What is the extract, transform, load process? It's actually three combined functions which are used to pull data out of the operational data system, to get it to the staging area,
to transform it, make it conform throughout our company. It's like I'm getting data from America, Europe, Asia. I'm putting it together. I try to make it consistent, to increase its quality,
to merge and find duplicates, and then to load it in the data warehouse. So it then copes for migrating the data and converting it to the proper format. As any process in the data warehouse,
we can also ask ourselves when should we perform ETL? Well, we can perform it periodically and this is actually the most used technique. It depends then from the company strategy, one can perform it every night, every week, every few weeks.
There can be refresh policies set by administrators or based on user needs or traffic. For example, holidays are the best example for data warehousing refresh. The time for refreshing the data warehouse during the winter holidays,
for example, for sales or marketing, is decreased. One can have a regular time of a week, but when winter comes in the November and December sales months, it is decreased to a daily basis. Of course, there are also event-based solutions where the boss says,
we have done a new contract with another company, which is going to give us these products. I want on each thousand sales from products coming from this company, refresh in my data warehouse so I can perform new analysis.

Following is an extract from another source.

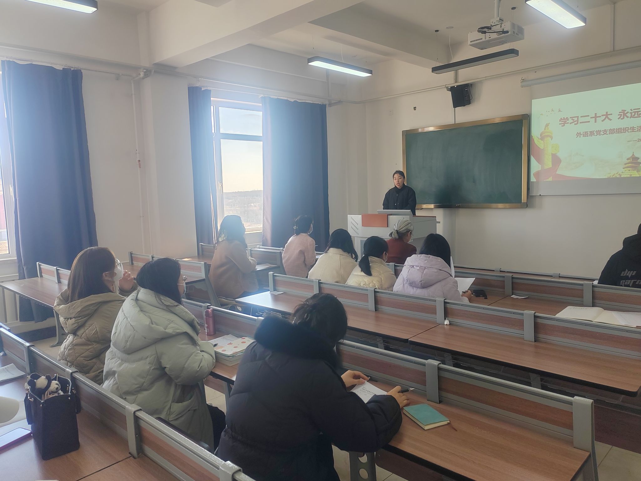 为深入学习贯彻习近平新时代中国特色社会主义思想和党的二十大精神,严格党的组织生活,强化党员教育管理监督,坚定不移推动全面从严治党向纵深发展、向基层延伸。2023年3月15日,外语系党支部召开组织生活会及开展民主评议党员工作,组织生活会由外语系党支部宣传委员刘思奇主持。

Of course, there is also the case where I can have a data warehouse for analyzing the stock market for something like this, which is pretty rarely for data warehouse technologies. We speak about real-time extract transform load,
where every update has to be reflected in the data warehouse. But this actually is a very big problem, and it's not that easy to solve for a large amount of data. Okay, so ETL, I've said that ETL is used to integrate heterogeneous systems.
The company's subsidiary from United States may use DB2, Europe may use Oracle. So I need to integrate this from different types of sources which use different types of technologies. So ETL then has to be able to cope with this heterogeneity.

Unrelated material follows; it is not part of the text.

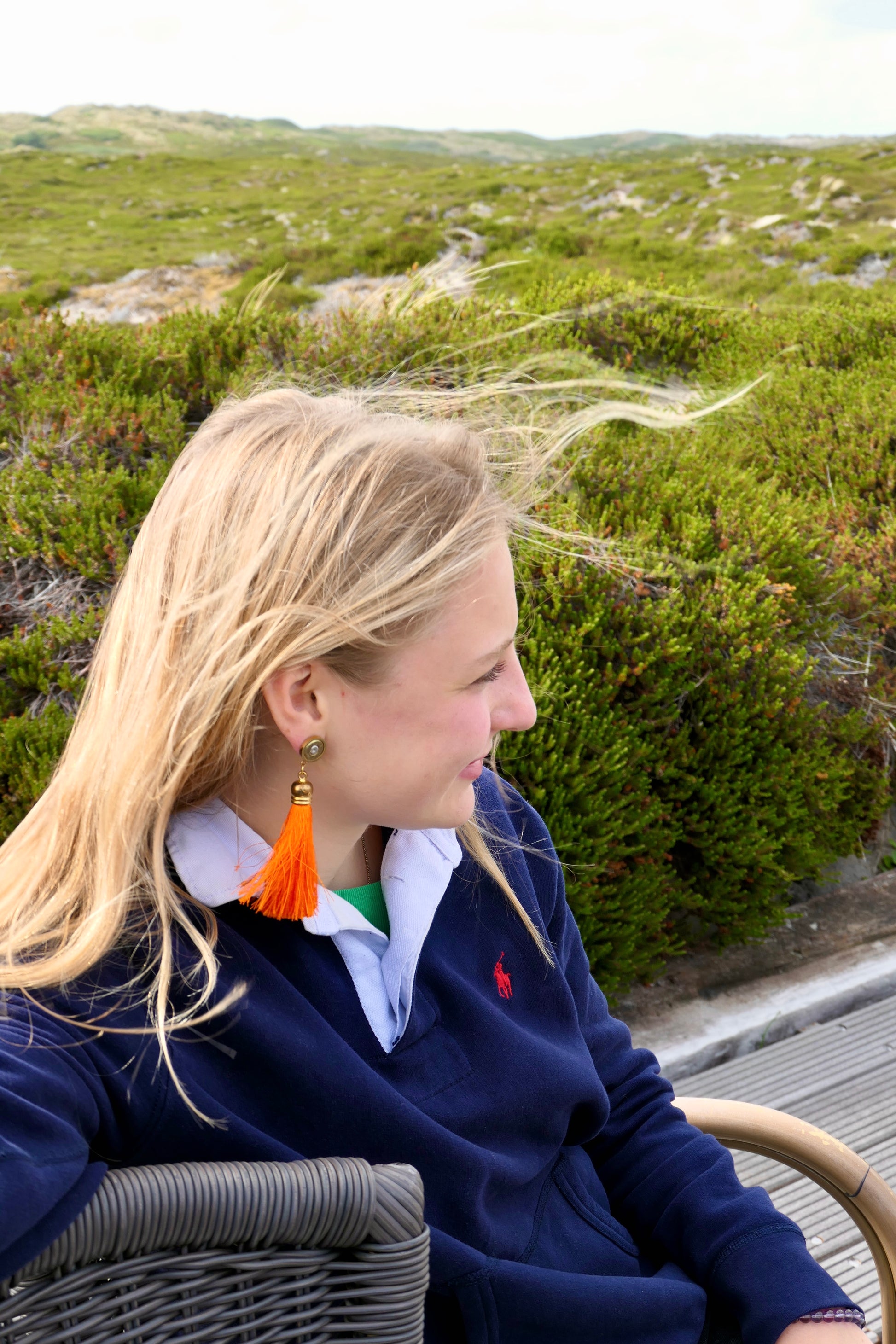 Die Orangenen Tassel sind das must-have für den Sommer oder die Geselschaftsjagd Saison! Sie sind super leicht und der Stecker ist etwas anders als die der anderen Ohrringe, ist aber auch nickelfrei und ein stückweit Edler. Farblich passen sie zu allem und bei jeder Haarfarbe sehr gut.

Other challenges are that it has to get the data from the source to the target as fast as possible. Let's imagine the case where I want to perform this update, this ETL process on a nightly basis.

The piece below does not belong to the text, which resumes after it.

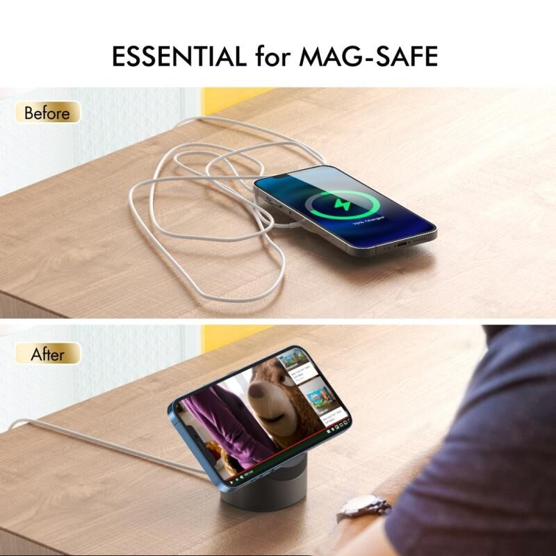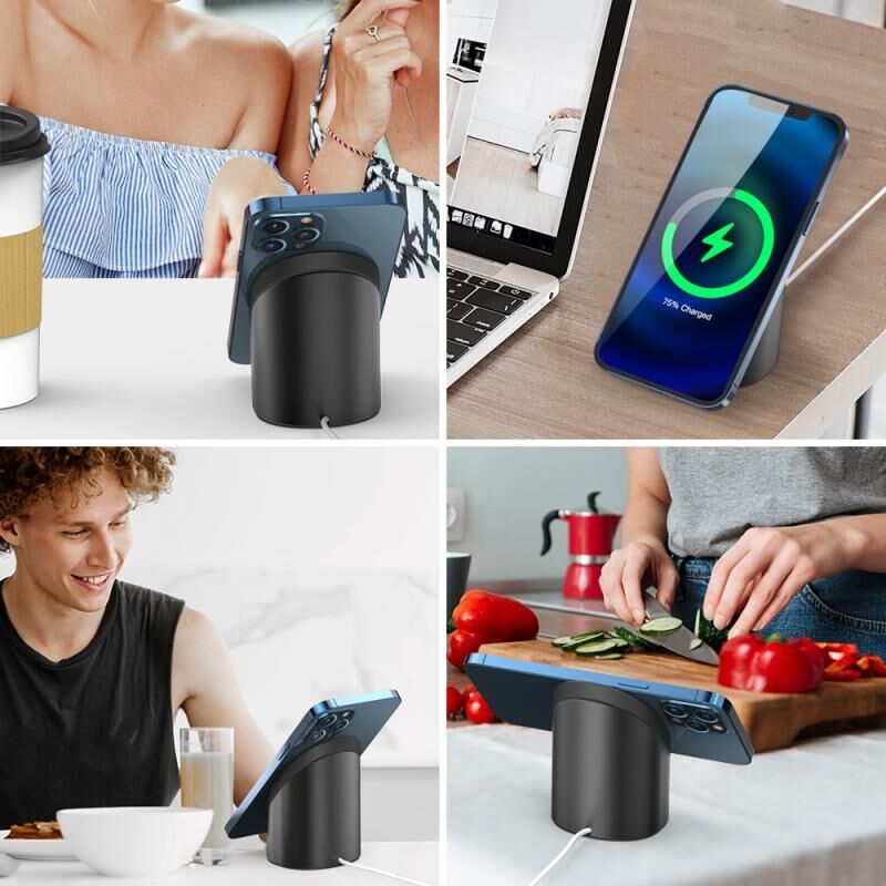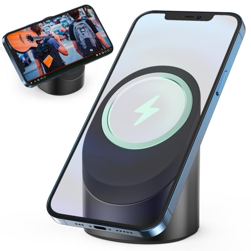 2. Βάση στήριξης κινητού τηλεφώνου για επιτραπέζια χρήση, παρέχει άνετη γωνία θέασης, ελευθερώνει τα χέρια σας κατά την παρακολούθηση βίντεο και υποστηρίζει φόρτιση MagSafe.

Then it has to be performed from three o'clock in the night until six o'clock in the morning, or seven o'clock. If it takes longer than this, then it's useless. It has to cope with recovery from failure. If I have this limited window of time and the ETL process fails,
I'm not very happy if it starts all over again. So it has to be able to continue from where it left. The balance which is vital here is between keeping the data in the memory
and writing it on physical disks or files. When failing, if I have the data in memory that is lost, I have to recover everything, it takes more time. If I've written it in a file, then I can continue from where I've lost track.
We've spoken at the beginning about the staging area. Staging area is the main area where the data is stored after extracted from the operational data system. Of course, staging area is not the place for the end users.
The data suffers here a process of transformation. So no reporting, modification, or access from other than people inside the project is allowed in the staging area. Maybe you can remember the analogy Tilo made with the restaurant where the guests are not allowed in the kitchen.
This is exactly what happens with the staging area. Okay, so how does it look like? We have our data in the operational environment.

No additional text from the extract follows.